The binary system AR Scorpii (AR Sco) was found to contain the white dwarf pulsar. It is located 380 light-years away in the constellation of Scorpius. As a pulsar, the small white dwarf, which is all that remains of a star, still sweeps its red dwarf companion with energetic radiation.
As it spins approximately every 2 minutes, the remnant of a star, located in the AR Scorpii system, strikes its celestial neighbor with beams of radiation. Previously, pulsars were all thought to be neutron stars. Astronomers were finally able to detect a pulsar that was not a neutron star but a white dwarf. This was the first white dwarf pulsar discovered after half a century of searching for pulsars.
Professors Tom Marsh and Boris Gänsicke at the University of Warwick's Astrophysics Group together with Dr. David Buckley from the South African Astronomical Observatory, made the discovery. Their description of the novel binary system was published in the journal Nature Astronomy.

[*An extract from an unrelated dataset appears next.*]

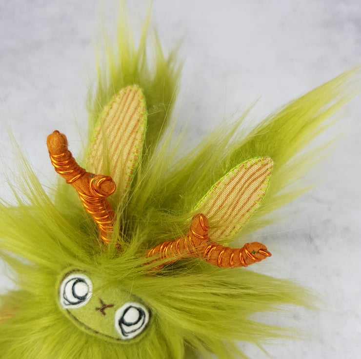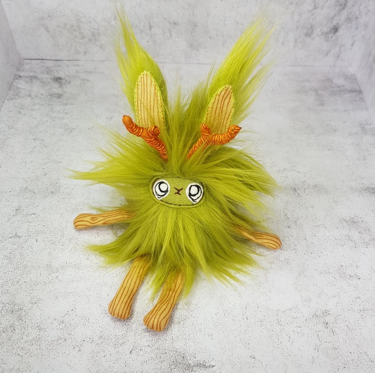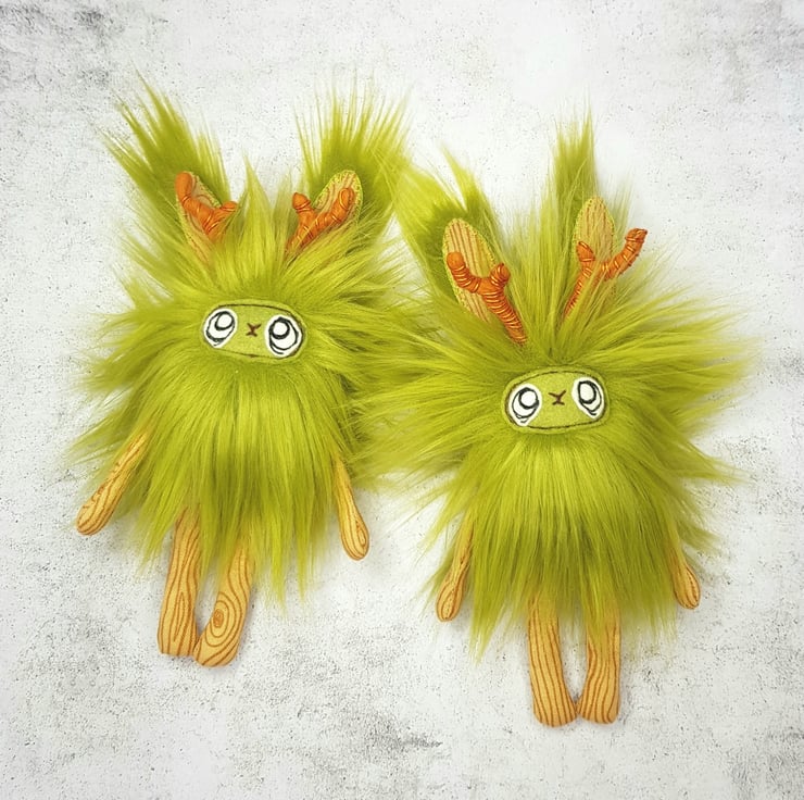 A gorgeous little spring decoration to add magical whimsy to your home. This Woodland Jackalope is made from thick and soft luxurious faux fur. The antlers are made from felt and wire and the ear fronts, arms and legs are made with a beautiful tree bark print cotton. The Jackalope can sit against something or can be hung from its transparent loop. Their faces are free motion embroidered on felt. Jackalope measures roughly 16cm tall and 6cm wide. This listing is for one Jackalope only and will be chosen randomly from the two pictured above. This is not a toy and made for decorative purposes only.

Neutron stars and white dwarfs are similar. They are both remnants of stars that have collapsed. They are what is left of dead stars, their cores. The difference between them is that neutron stars were formed from much larger, more massive stars while white dwarfs were once stars similar to the size of our own Sun.
Pulsars are similar as well to neutron stars and white dwarfs. They are also the remains of stars. Their difference is that they emit focused beams of radiation from their poles as they spin. Astronomers detect pulsars usually by observing the beam discharged by the spinning neutron star. AR Sco's white dwarf pulsar however was detected by observing the periodic brightening and dimming of the red dwarf companion caused by the beam of radiation striking the dimmer object.
Every two minutes, the electrons in the atmosphere of the red dwarf is accelerated to almost the speed of light when it is struck by the beam of radiation from its celestial companion as it spins on its axis. This results in changes in brightness of the dimmer object which can be observed from Earth, timed to the rotational period of the white dwarf.
AR Sco's white dwarf is 200,000 times more massive even though its dimensions are similar to Earth's. Its red dwarf neighbor is a third of our sun's mass. The white dwarf rotates on its axis every 1.94 minutes. It orbits the red dwarf every 3.6 hours at a distance of 1.4 million kilometers which is just three times the distance between the Earth and our moon.